Task prompt >>
Your job is to give again, exactly and with no additions, the lines in the records below from the one with "This is a great" through the one with "設(shè)計(jì)以秦漢", both included. Omit the pictures.

Task data >>
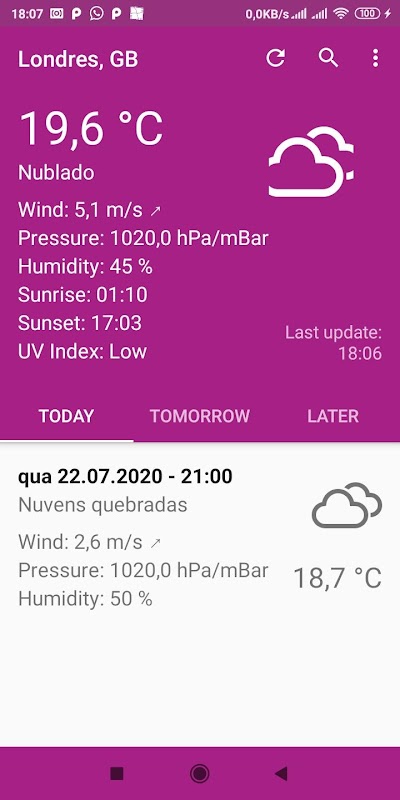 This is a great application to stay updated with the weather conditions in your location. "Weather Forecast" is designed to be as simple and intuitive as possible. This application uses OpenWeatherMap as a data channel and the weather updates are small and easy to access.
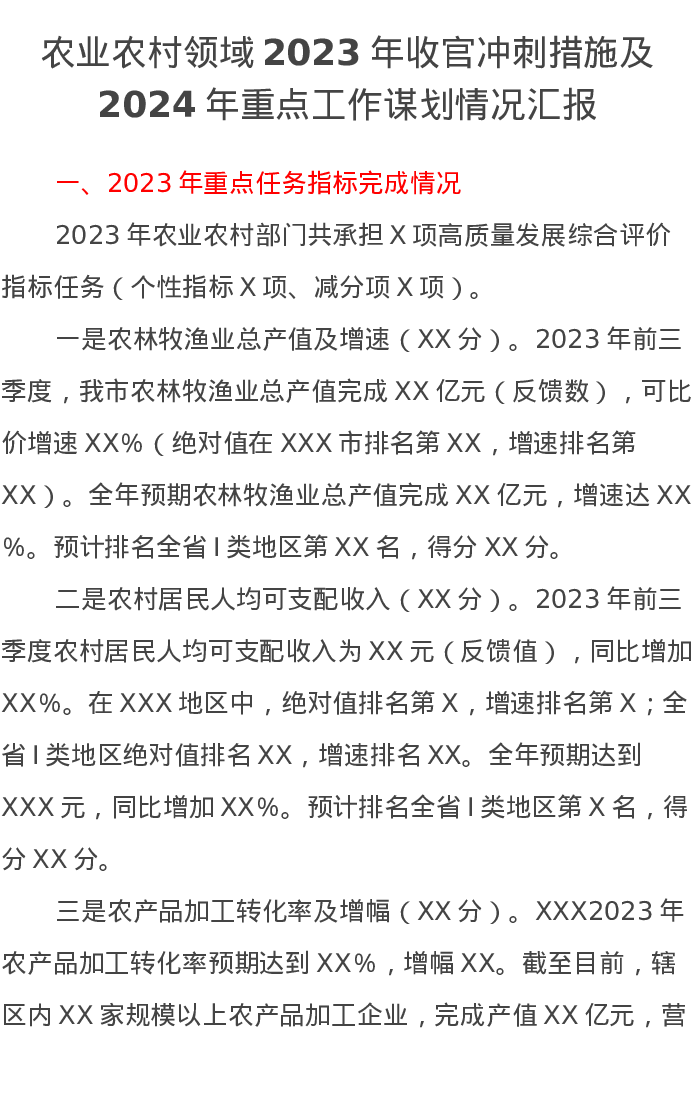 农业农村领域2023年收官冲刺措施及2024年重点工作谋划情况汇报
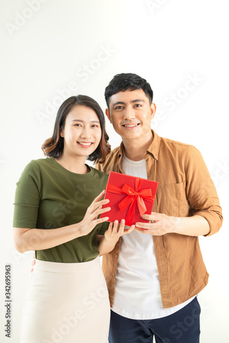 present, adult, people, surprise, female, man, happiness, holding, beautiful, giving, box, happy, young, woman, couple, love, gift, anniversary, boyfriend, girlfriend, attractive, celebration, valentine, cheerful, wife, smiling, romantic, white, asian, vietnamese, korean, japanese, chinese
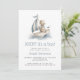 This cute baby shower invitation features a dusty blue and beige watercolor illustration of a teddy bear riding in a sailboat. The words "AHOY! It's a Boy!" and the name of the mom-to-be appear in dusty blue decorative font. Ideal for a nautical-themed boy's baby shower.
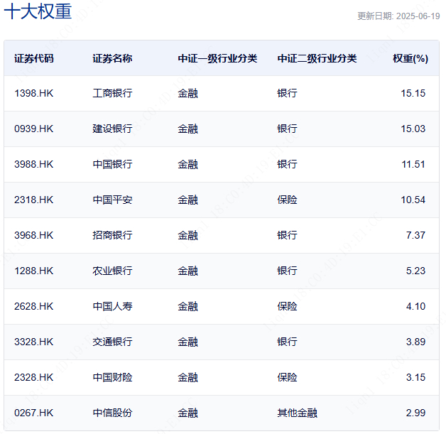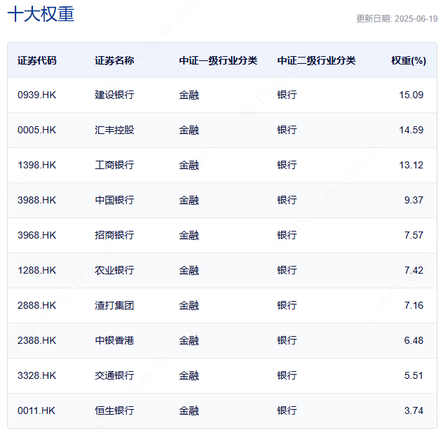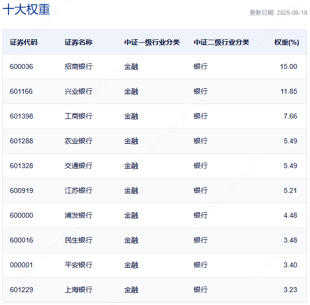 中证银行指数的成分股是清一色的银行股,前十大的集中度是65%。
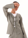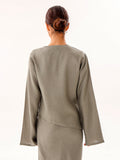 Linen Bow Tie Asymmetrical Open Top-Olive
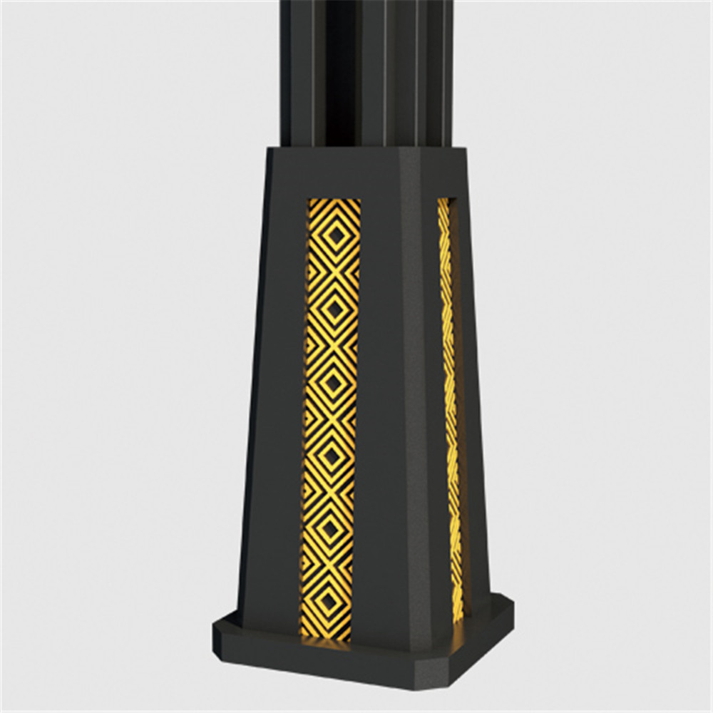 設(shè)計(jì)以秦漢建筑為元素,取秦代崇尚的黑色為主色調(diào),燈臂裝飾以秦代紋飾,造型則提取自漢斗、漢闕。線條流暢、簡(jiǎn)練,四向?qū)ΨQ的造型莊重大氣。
* * *
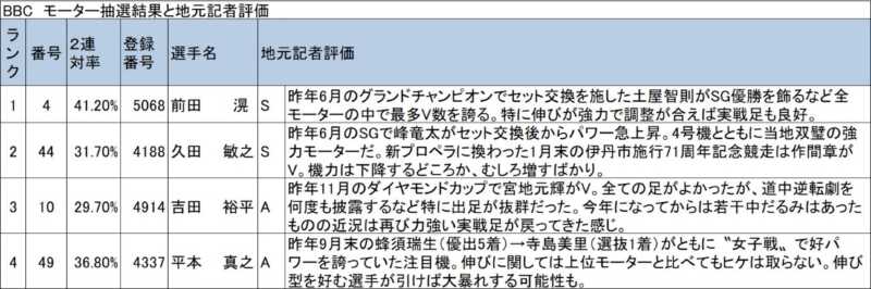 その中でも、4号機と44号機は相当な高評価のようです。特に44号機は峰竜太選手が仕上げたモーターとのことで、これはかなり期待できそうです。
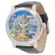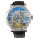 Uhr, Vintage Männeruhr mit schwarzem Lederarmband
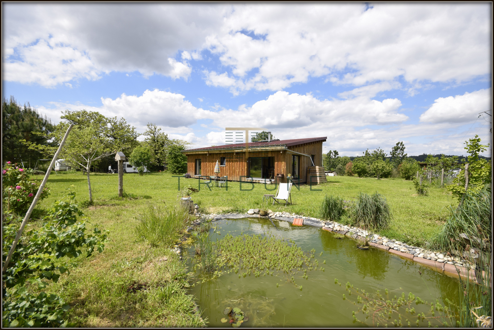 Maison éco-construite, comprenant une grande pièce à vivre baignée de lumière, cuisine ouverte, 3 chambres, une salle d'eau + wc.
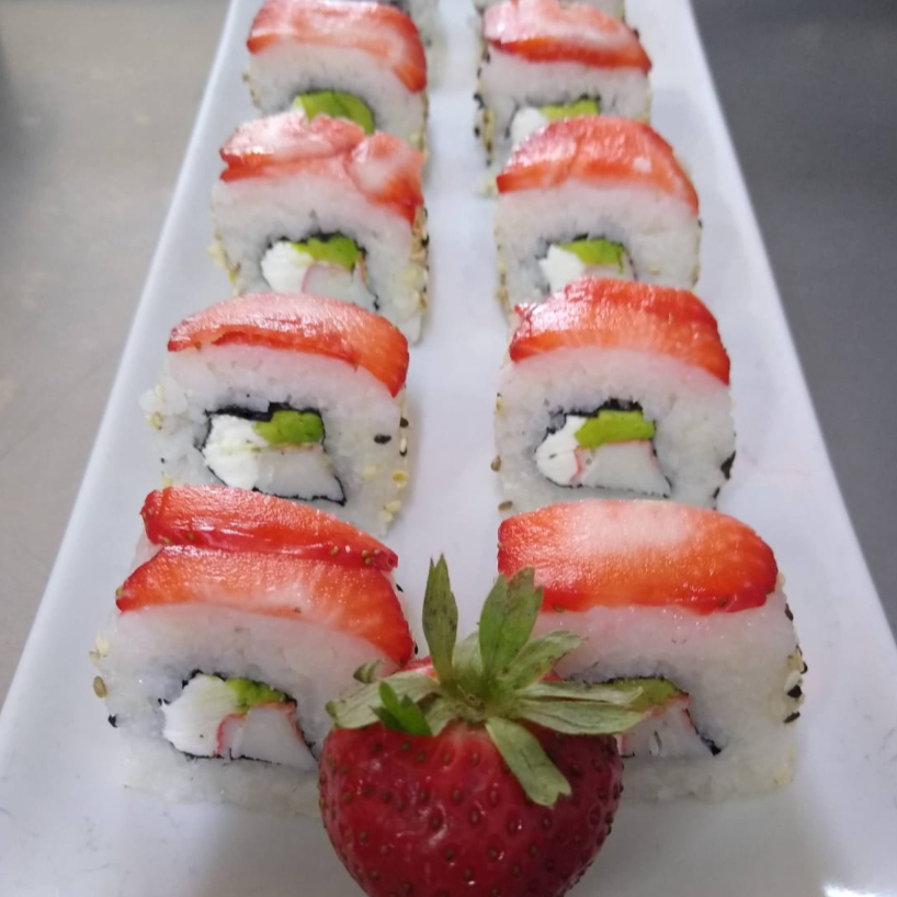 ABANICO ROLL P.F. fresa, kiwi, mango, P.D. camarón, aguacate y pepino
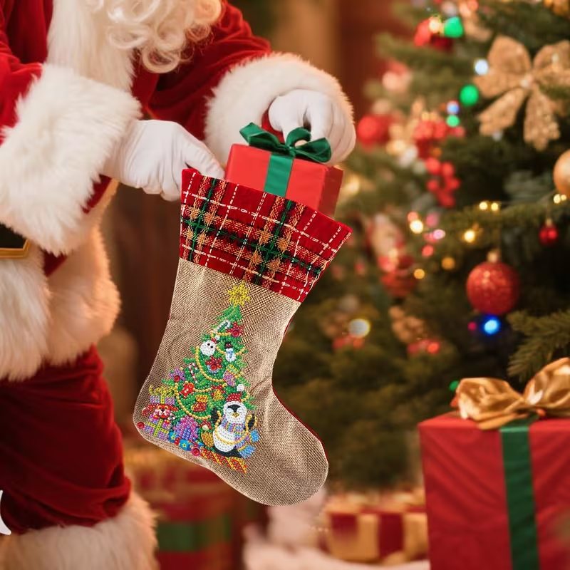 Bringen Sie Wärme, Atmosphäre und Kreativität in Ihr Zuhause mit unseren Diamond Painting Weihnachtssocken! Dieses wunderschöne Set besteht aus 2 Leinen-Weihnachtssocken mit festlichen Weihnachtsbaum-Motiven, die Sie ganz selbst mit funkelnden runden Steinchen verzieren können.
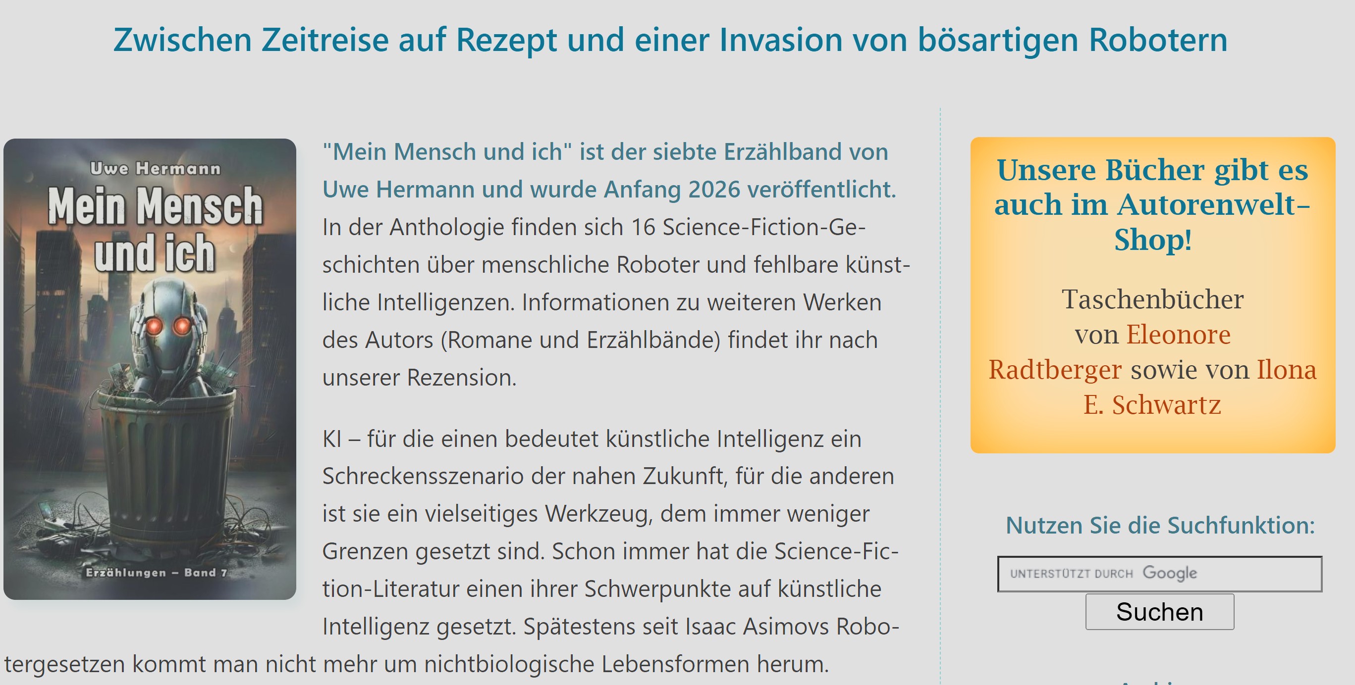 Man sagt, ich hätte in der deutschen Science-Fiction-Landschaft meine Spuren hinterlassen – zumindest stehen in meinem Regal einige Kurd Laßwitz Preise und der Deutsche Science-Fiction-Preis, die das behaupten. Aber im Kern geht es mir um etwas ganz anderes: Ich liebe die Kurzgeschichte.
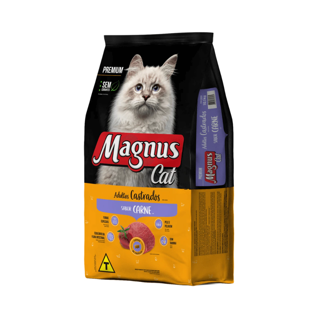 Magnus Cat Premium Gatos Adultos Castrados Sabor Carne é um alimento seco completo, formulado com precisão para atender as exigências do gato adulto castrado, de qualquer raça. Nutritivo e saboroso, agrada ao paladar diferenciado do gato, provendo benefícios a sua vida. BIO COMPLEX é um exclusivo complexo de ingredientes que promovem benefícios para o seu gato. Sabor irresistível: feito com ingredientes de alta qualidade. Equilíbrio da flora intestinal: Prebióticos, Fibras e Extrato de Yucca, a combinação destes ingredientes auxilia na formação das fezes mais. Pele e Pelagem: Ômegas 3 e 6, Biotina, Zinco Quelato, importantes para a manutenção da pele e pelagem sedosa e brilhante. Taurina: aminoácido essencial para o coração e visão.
==
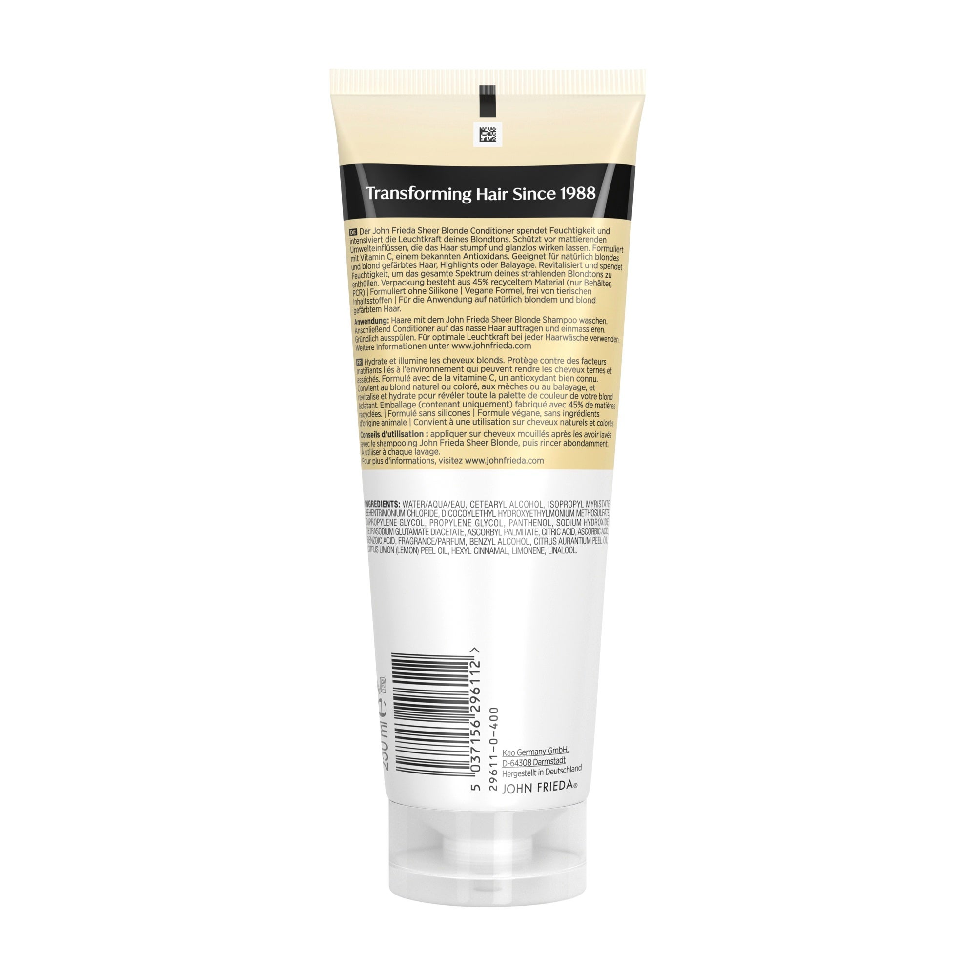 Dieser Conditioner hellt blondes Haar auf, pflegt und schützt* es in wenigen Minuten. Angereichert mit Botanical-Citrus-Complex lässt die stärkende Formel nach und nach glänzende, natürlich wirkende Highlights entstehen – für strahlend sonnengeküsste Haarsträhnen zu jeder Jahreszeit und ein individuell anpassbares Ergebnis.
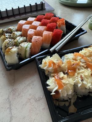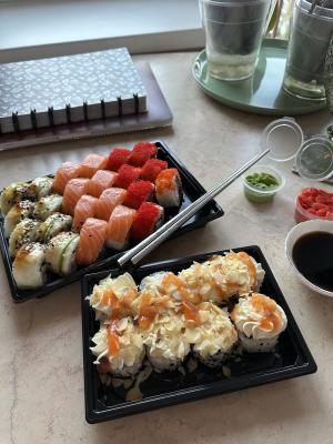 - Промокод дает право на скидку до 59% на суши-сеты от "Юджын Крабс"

Written response >>
 This is a great application to stay updated with the weather conditions in your location. "Weather Forecast" is designed to be as simple and intuitive as possible. This application uses OpenWeatherMap as a data channel and the weather updates are small and easy to access.
 农业农村领域2023年收官冲刺措施及2024年重点工作谋划情况汇报
 present, adult, people, surprise, female, man, happiness, holding, beautiful, giving, box, happy, young, woman, couple, love, gift, anniversary, boyfriend, girlfriend, attractive, celebration, valentine, cheerful, wife, smiling, romantic, white, asian, vietnamese, korean, japanese, chinese
 This cute baby shower invitation features a dusty blue and beige watercolor illustration of a teddy bear riding in a sailboat. The words "AHOY! It's a Boy!" and the name of the mom-to-be appear in dusty blue decorative font. Ideal for a nautical-themed boy's baby shower.
 中证银行指数的成分股是清一色的银行股,前十大的集中度是65%。
 Linen Bow Tie Asymmetrical Open Top-Olive
 設(shè)計(jì)以秦漢建筑為元素,取秦代崇尚的黑色為主色調(diào),燈臂裝飾以秦代紋飾,造型則提取自漢斗、漢闕。線條流暢、簡(jiǎn)練,四向?qū)ΨQ的造型莊重大氣。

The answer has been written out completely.